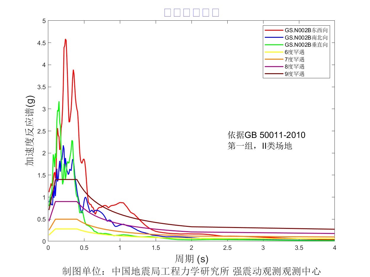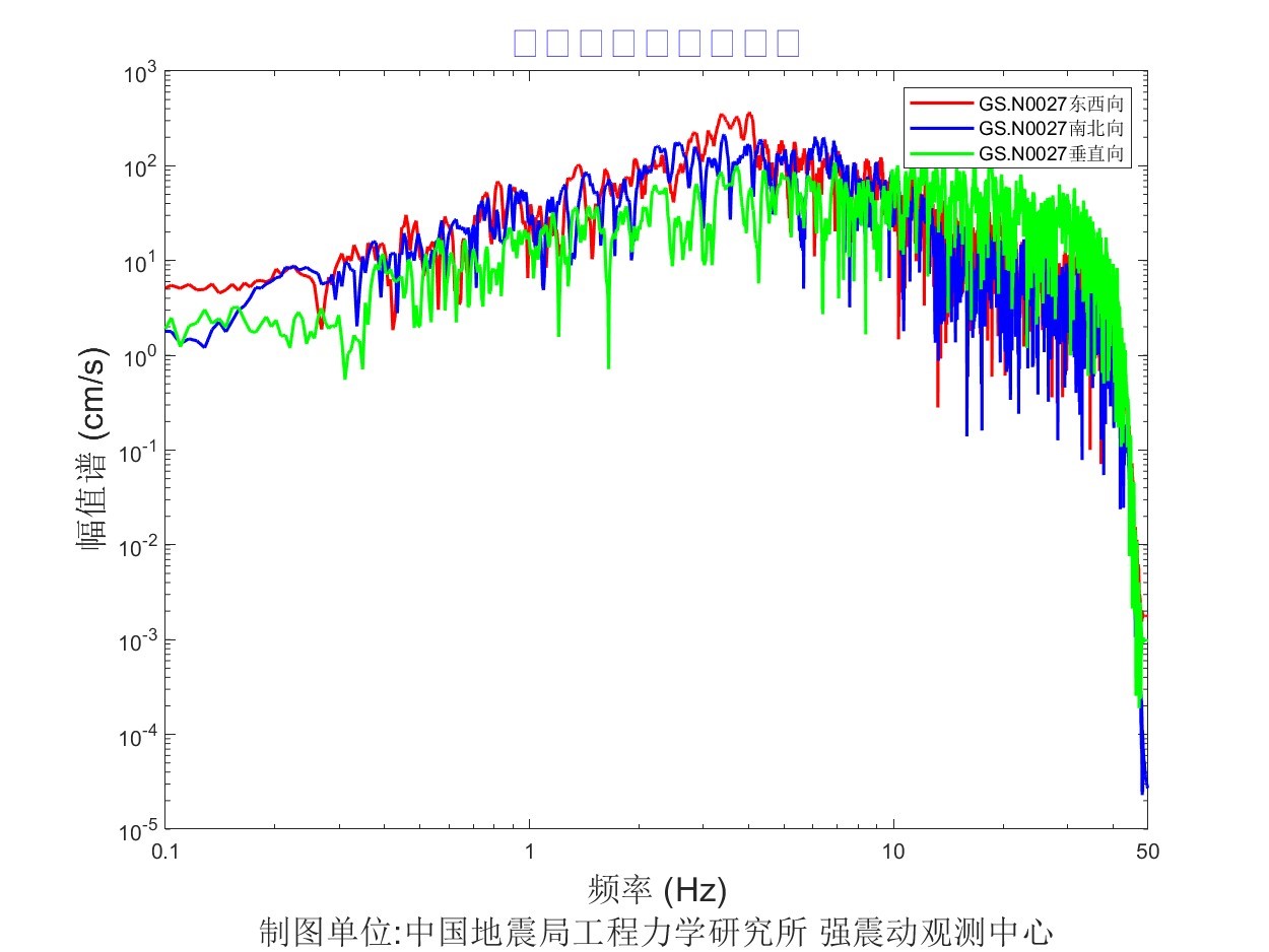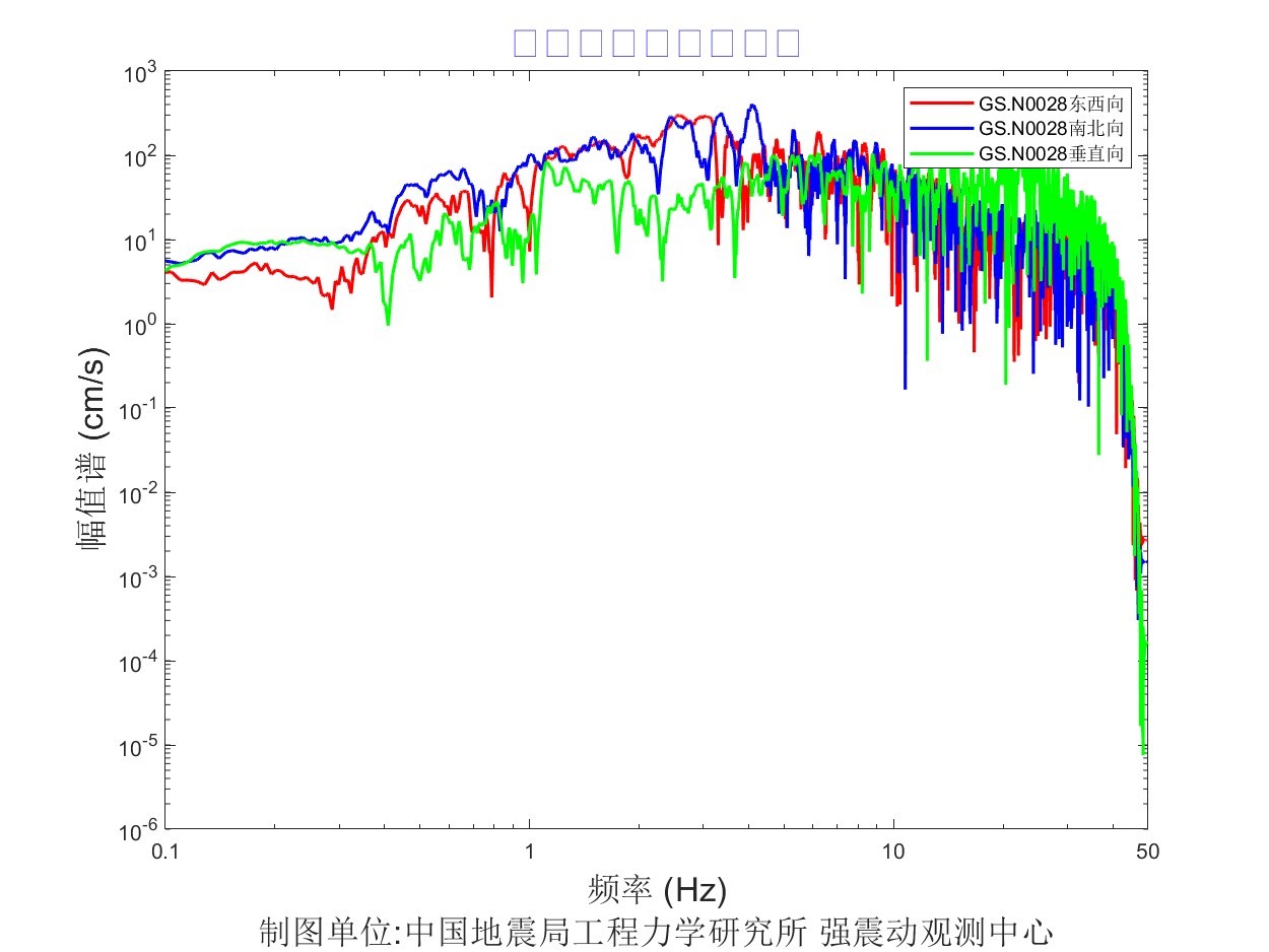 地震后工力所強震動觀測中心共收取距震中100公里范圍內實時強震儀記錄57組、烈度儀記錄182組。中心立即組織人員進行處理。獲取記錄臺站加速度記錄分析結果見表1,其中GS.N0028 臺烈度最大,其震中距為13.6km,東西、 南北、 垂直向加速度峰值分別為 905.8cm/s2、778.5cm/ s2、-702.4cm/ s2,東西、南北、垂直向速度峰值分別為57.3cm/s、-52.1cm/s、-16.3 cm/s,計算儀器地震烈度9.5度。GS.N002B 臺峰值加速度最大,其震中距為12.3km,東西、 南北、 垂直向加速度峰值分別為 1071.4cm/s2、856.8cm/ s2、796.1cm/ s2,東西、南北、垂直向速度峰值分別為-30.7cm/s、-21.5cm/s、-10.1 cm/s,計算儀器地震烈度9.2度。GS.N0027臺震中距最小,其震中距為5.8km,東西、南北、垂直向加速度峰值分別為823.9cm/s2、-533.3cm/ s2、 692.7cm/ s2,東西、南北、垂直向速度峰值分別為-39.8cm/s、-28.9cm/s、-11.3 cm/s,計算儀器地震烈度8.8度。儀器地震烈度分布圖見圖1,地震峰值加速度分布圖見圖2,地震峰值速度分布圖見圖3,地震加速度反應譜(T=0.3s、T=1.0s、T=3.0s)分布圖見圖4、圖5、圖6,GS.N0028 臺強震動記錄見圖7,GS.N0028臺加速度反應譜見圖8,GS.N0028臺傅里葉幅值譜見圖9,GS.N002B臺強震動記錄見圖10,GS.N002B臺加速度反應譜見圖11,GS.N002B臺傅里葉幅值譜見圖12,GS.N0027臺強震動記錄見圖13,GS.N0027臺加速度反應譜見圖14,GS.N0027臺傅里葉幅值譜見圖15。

|---|

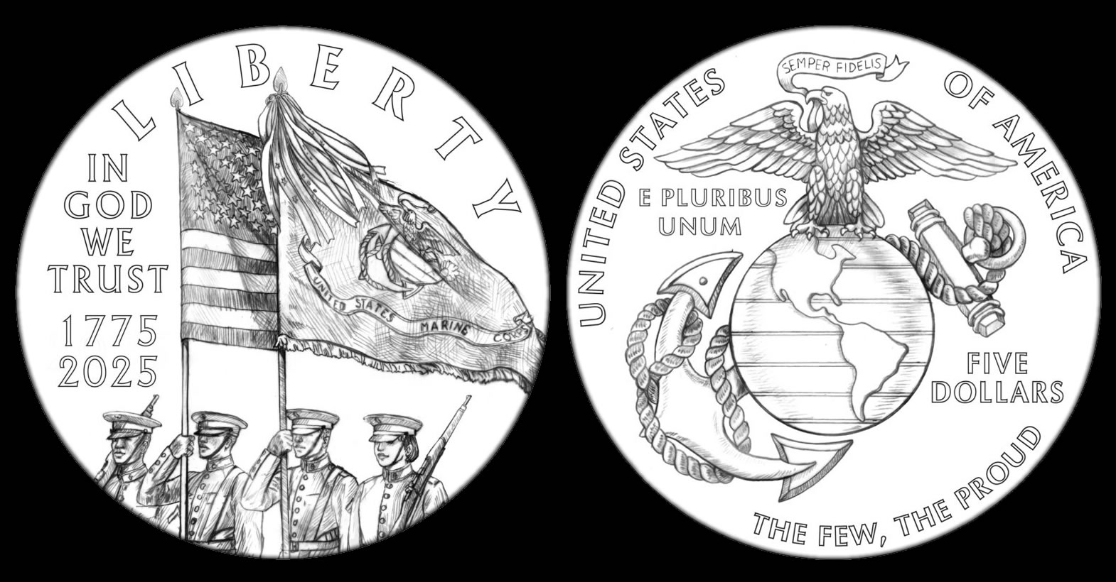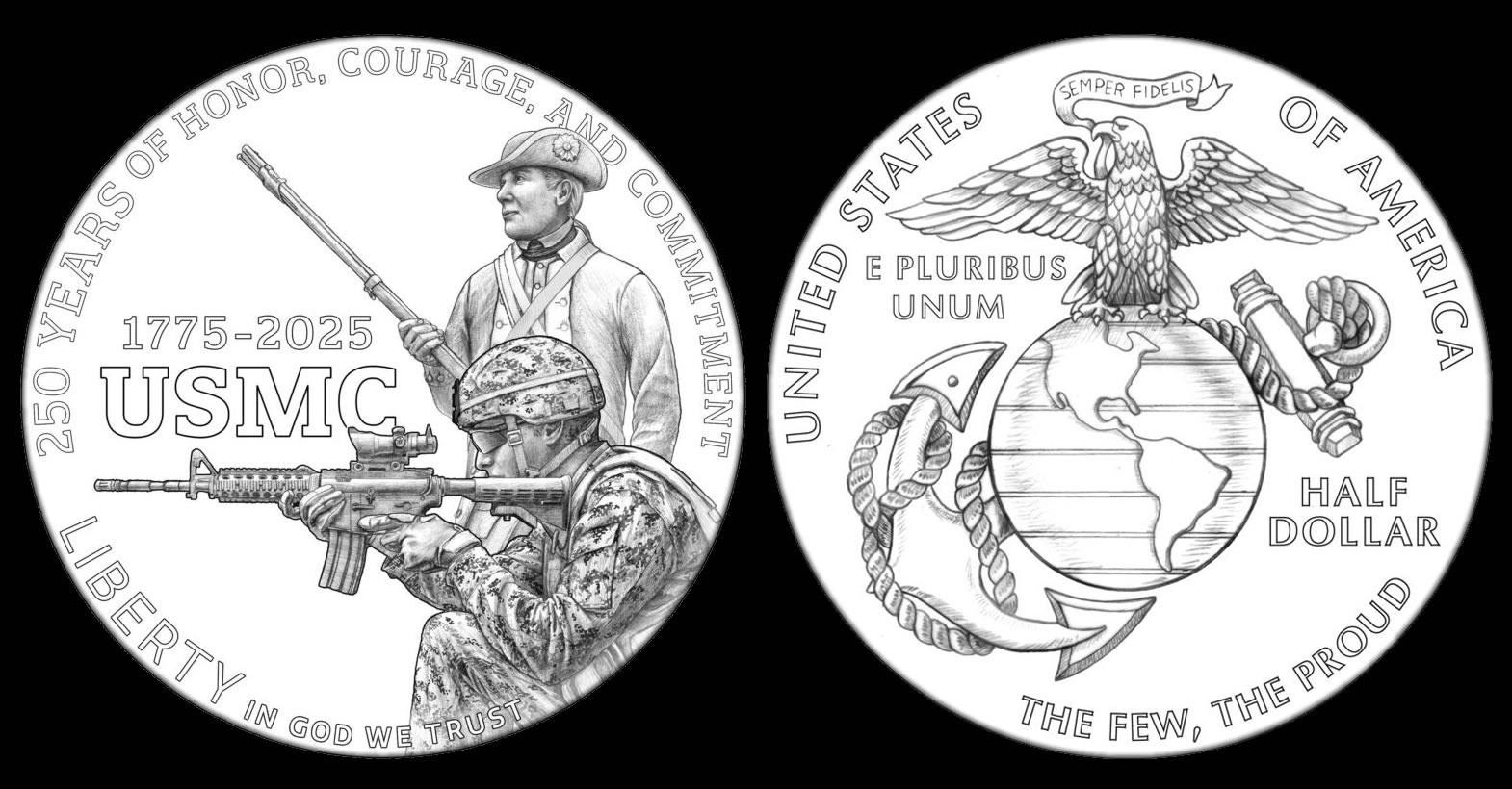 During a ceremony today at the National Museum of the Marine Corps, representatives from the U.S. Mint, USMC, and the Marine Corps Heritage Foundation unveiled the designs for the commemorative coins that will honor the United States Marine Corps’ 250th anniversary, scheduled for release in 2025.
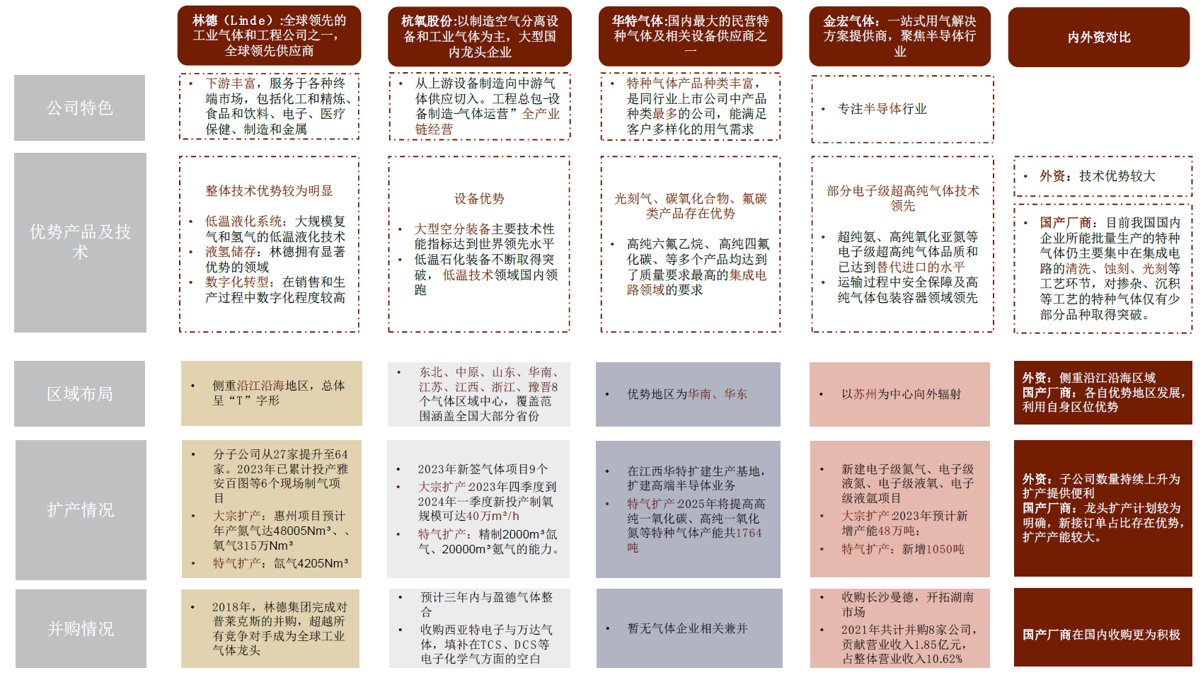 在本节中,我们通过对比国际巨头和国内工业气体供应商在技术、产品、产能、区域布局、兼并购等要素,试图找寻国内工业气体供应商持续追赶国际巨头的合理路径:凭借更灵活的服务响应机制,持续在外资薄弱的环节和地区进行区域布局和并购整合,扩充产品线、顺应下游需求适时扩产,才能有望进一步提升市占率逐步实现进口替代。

|---|

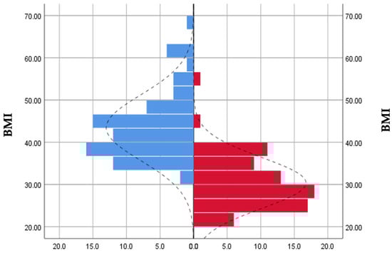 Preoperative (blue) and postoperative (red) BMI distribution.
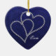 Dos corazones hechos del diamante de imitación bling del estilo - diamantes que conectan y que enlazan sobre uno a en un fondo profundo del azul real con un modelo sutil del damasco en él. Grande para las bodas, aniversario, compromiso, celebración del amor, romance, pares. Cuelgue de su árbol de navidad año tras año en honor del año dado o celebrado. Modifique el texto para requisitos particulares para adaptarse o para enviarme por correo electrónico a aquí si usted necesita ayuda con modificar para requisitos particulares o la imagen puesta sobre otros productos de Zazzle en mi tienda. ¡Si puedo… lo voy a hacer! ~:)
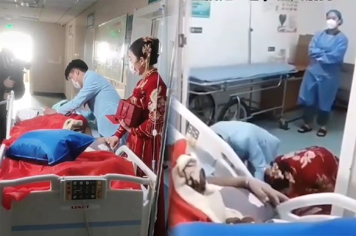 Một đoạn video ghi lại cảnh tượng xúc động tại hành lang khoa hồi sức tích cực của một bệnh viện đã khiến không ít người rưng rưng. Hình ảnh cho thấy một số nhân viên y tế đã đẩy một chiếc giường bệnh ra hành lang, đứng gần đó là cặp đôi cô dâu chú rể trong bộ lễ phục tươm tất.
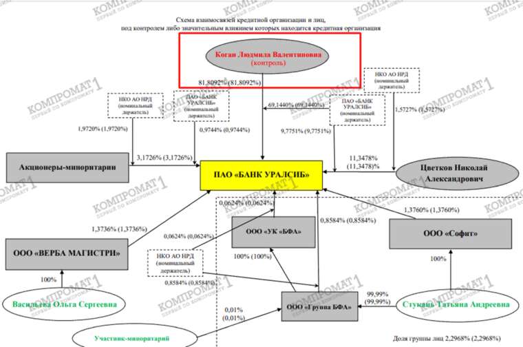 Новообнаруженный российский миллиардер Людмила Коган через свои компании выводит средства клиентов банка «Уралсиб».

|---|

Assigned task - Beginning with the line above that contains "Dos corazones hechos" and finishing with the line that contains "Новообнаруженный российский миллиардер", print those lines exactly and only. Skip all pictures.

Solution for this problem -
 Dos corazones hechos del diamante de imitación bling del estilo - diamantes que conectan y que enlazan sobre uno a en un fondo profundo del azul real con un modelo sutil del damasco en él. Grande para las bodas, aniversario, compromiso, celebración del amor, romance, pares. Cuelgue de su árbol de navidad año tras año en honor del año dado o celebrado. Modifique el texto para requisitos particulares para adaptarse o para enviarme por correo electrónico a aquí si usted necesita ayuda con modificar para requisitos particulares o la imagen puesta sobre otros productos de Zazzle en mi tienda. ¡Si puedo… lo voy a hacer! ~:)
 Một đoạn video ghi lại cảnh tượng xúc động tại hành lang khoa hồi sức tích cực của một bệnh viện đã khiến không ít người rưng rưng. Hình ảnh cho thấy một số nhân viên y tế đã đẩy một chiếc giường bệnh ra hành lang, đứng gần đó là cặp đôi cô dâu chú rể trong bộ lễ phục tươm tất.
 Новообнаруженный российский миллиардер Людмила Коган через свои компании выводит средства клиентов банка «Уралсиб».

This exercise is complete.